Free Software in the Portuguese Parlment

So, as I've wrote previously, today was the day where a proposal to deploy Free Software in the Portuguese Parliement was voted. I knew about it thanks to a document in a non-free format, knew the whole schedule for the day thanks to a document in a non-free format, read the entire proposal, made by Partido Comunista Português, in a document in a non-free format, assisted and recorded it thanks to a video stream in a non-free format, but I won't refrain my self to speak out freely my thoughts about it.
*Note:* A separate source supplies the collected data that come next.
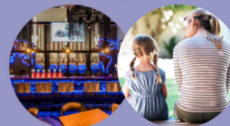
BUNKER – POSTAPOKALIPTIČNI STEAMPUNK BAR DRUŠTVO VARNA HIŠA POMURJA

PODPRITE DRUŠTVO VARNA HIŠA POMURJA, DENAR NAMENITE ZA UREDITEV ZAPRTE TERASE IN REŠEVANJE PROSTORSKE STISKE V VARNI HIŠI
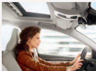
Elektrisch bedienbaar glazen schuif-/kanteldak
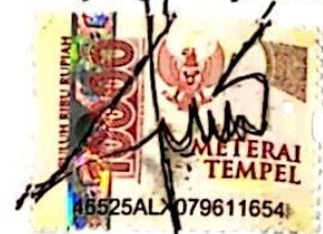
Ahmad Bayu Bagas Samudra

Surabaya, 30 September 2023 yang menyatakan,
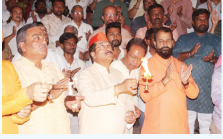
सांगली : हॅलो प्रभात

रामनवमीच्या निमित्ताने कृष्णाकाठ आणि माई घाट येथे ५१ फूटी प्रभू श्रीरामाच्या प्रतिमेसमोर ११ हजार १११ दिव्यांचा भव्य दिपोत्सव आयोजित करण्यात आला. पृथ्वीराज पाटील फाऊंडेशनच्या वतीने संस्कार भारती आणि ज्ञानमंथन संस्थांच्या सहकार्याने आयोजित या सोहळ्यात भक्तीगीत, महाआरती, आतिषबाजी आणि कलाकारांची रंगलेली मैफल झाल्याने सांगलीकरांनी 'जय श्रीराम' अशा जयजयकारात रामभक्तीचा अनुभव घेतला.
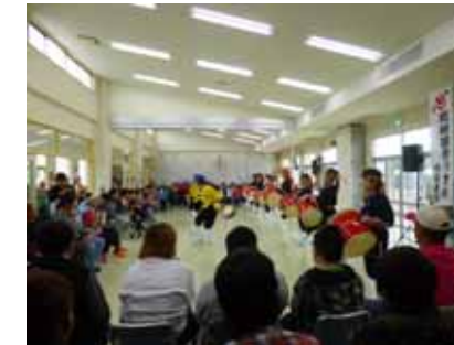
「会場一杯に繰り広げられた演舞」
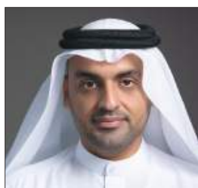
دبي - (وام):

وكشفت غرفة تجارة دبي، إحدى الغرف الثلاث العاملة تحت مظلة غرف دبي، عن تصدر أسواق دول مجلس التعاون الخليجي لوجهة صادرات وإعادة صادرات أعضائها إلى الأسواق العالمية خلال العام 2023، باستحوذها على 55.6٪ من إجمالي صادرات وإعادة صادرات الأعضاء، أي حوالي 158.1 مليار درهم، مما يعكس أهمية السوق الخليجية في تجارة أعضاء الغرفة. ووصلت قيمة صادرات وإعادة صادرات أعضاء غرفة تجارة دبي في العام 2023 إلى 284.5 مليار درهم. واحتلت أسواق القارة الأفريقية المرتبة الرابعة على قائمة وجهات صادرات وإعادة صادرات الأعضاء في العام 2023، باستحوذها على 7.9٪ من إجمالي صادرات وإعادة صادرات الأعضاء، بقيمة وصلت إلى 22.4 مليار درهم. وجاءت أسواق القارة الأوروبية في المرتبة الخامسة في هذه القائمة باستحوذها على 3.5٪ من إجمالي صادرات وإعادة صادرات الأعضاء، بقيمة وصلت إلى 10.1 مليار درهم.
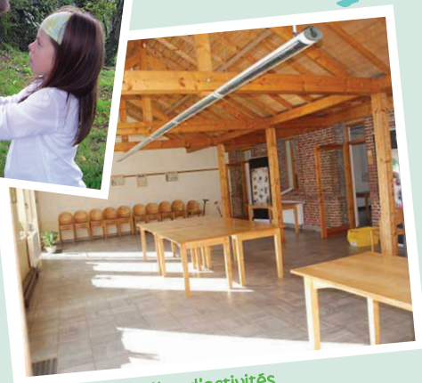
2 salles d'activités
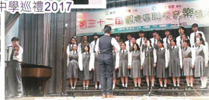
第三十二屆觀塘聯校音樂匯演
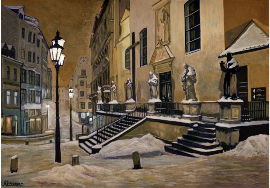
U Kapucínské krypty / Next to the Capuchin Crypt / Bei der Kapuzinergruft
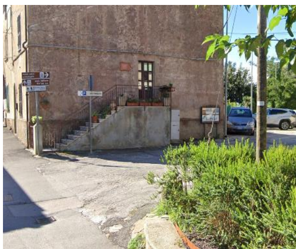
7 ingresso parcheggio Piazza Vatluna

Le 7 sale disposte su 2 piani, sono raggiungibili con ascensore, con larghezza utile della porta cabina di 86 cm, dimensioni interne cabina: larghezza di 137 cm x prof. 150 cm e pulsantiera con il pulsante più alto posto a 95 cm da terra.
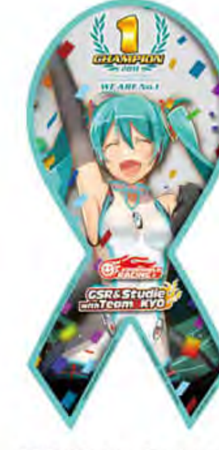
GOOD SMILE RACING 様
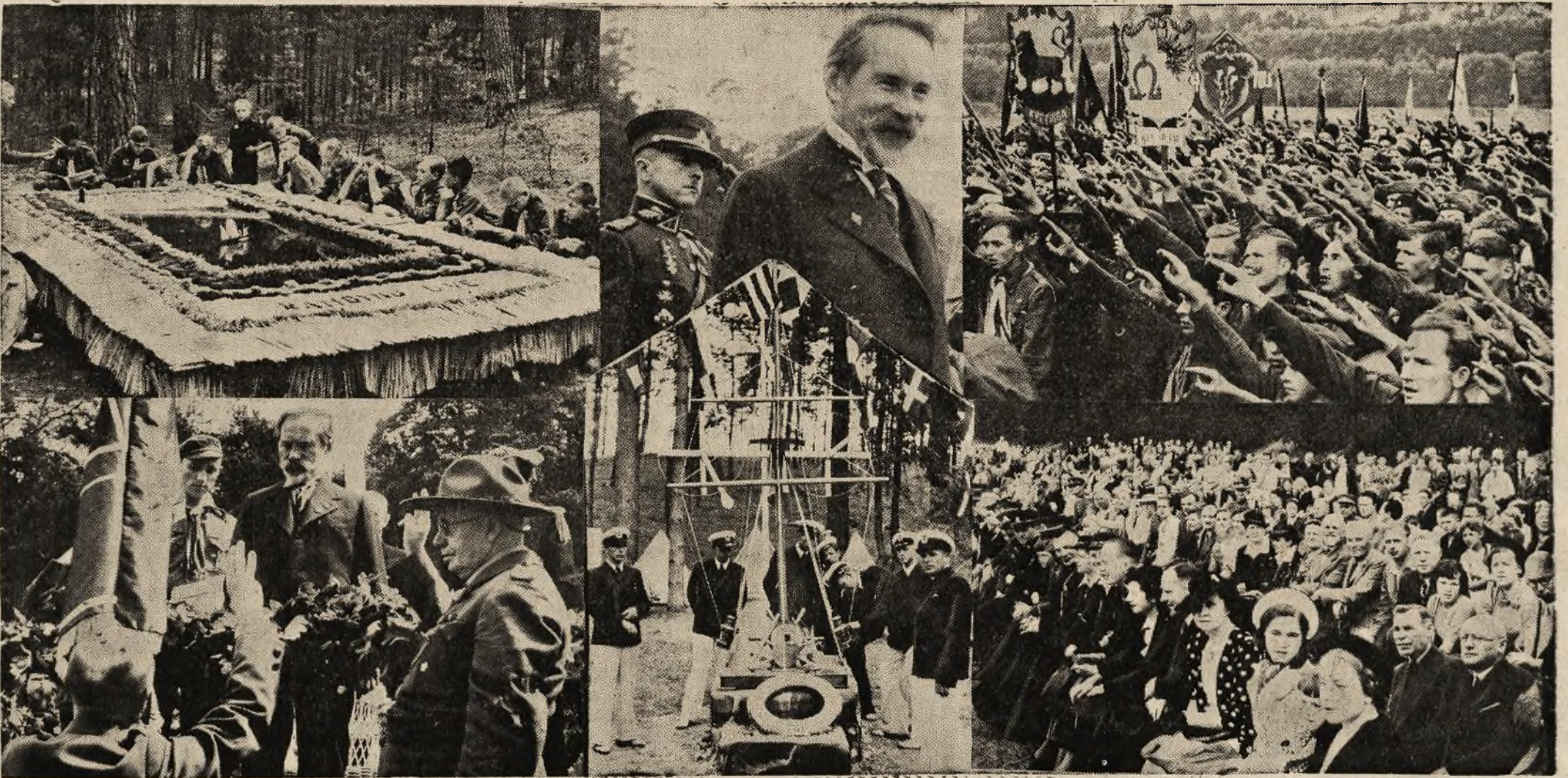
Ši nuotrauka vaizduoja Lietuvos skautų II tautinės stovyklos atidarymą: (aukštai iš dešinės) Lietuvos skautai didžiuoju saliotu sveikina savo Šefą Valstybės Prezidentą Antaną Smetoną, (aukštai viduryje) Lietuvos skautų Šefas Valstybės Prezidentas Antanas Smetona, greta jo e. krašto apsaugos ministerio p. kariuomenės vadas brig. gen. St. Raštikis, (aukštai kairėje) Klaipėdos krašto Pagėgių „Rambyno“ skautų draugovė, (apačioje kairėje) Lietuvos skautų Šefas Valstybės Prezidentas Antanas Smetona iškilmingai įteikia Lietuvos skautams vėliavą, (apačioje viduryje) Klaipėdos miesto jūrų skautai ir apačioje (dešinėje) stovyklos atidaryme gausiai dalyvavę svečiai.

Lietuvos skautai atsirado 1918 metais. Jie pradėjo organizuotis Vilniuje. Taigi dabar jų organizacija jau turi 20 metų.
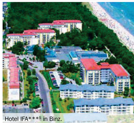
Hotel IFA***S in Binz.
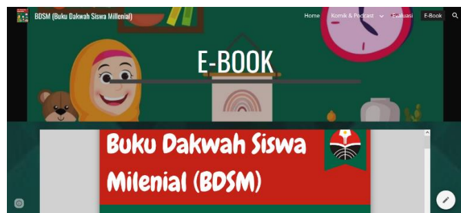
Gambar 6. E-book yang lengkap
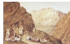
Η απονομή χάριτος σε ληστές εκ μέρους του μονάρχη εντασ-
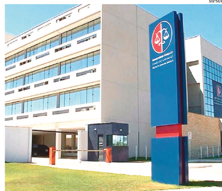
MEDIDA FOI ADOTADA PARA CONTER SURTO DO CORONAVÍRUS
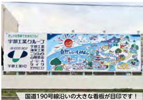
国道190号線沿いの大きな看板が目印です！

First of all, this is one of those matters that is important to a hell lot of people, and if I'm talking about this one because this is one matter that quite interests me, I have little doubt that most of the other things discussed in the Parliement matter to a hell lot of (different, perhaps) people. I have an advantage, tho: I'm what can be considered a techno-litered, someone who knows about computers and how to use them. Most people wouldn't "so easily" find the proposal, the date, the schedule, how to assist and even less record it as I did. "So easily" wasn't easy at all: as a matter of fact I think I had a lot of luck because the Parliement makes no efforts whatsoever to make this things public. After all, it's our money and freedom they're talking about.

The proposal was simple and well conceived. Make Free Software available in the Portuguese Parliement, so everyone could have the freedom to use it. Lessons on how to use the chosen Free Software to those interested in it. Start using free and open document formats so everyone (even out of the Parliement) could have free access to those documents. Research the benefits of a migration to Free Software from the "multiple choices" scenario, and debate the results one year later.

The result was "approval of proposal, with changes". The changes made the propose this: "Make Free Software available in the Portuguese Parliement, so everyone can have the freedom to use it".

Now, I don't know the kind of access each deputy has to his own terminal in the Parliement, but what I know is that if instead of this proposal someone just decided to install free software in its terminal, or, if they don't have the permission, if they asked their helpdesk to do so, they could have it without all this fuss. In other words, this "approval" does not approve anything, it's just them mocking with the Portuguese people. I wonder why the hell am I paying their salaries.

Giving them the choice but not teaching them how to use it is the same as not giving them the choice. Refusing to give free access to the Parliement documents by choosing to keep a close format (Microsoft's) instead of a standard one (ODF) is discriminating the Portuguese people who do not use that proprietary format. I have to add to this one that the affirmation from Partido Socialista stating that "everyone can access to our documents) was outrageous: most of all a statement of "we're voting on a matter we don't know nothing about". Refusing to research the benefits of a migration to Free Software is the same as missing the whole point. The proposal was "let's take a look to the options", refusing that is saying "shut up and be quiet".

Overall, this "approval" was no approval at all. It was a loud and clear "SHUT THE FUCK UP" to Partido Comunista Português. This is the Parliement we have here.

Thanks to PCP for raising the issue. Thanks to Ubuntu-PT, Porto Linux, ANSOL for trying to give some information (and CD's) to the deputies, even if that information was completely ignored.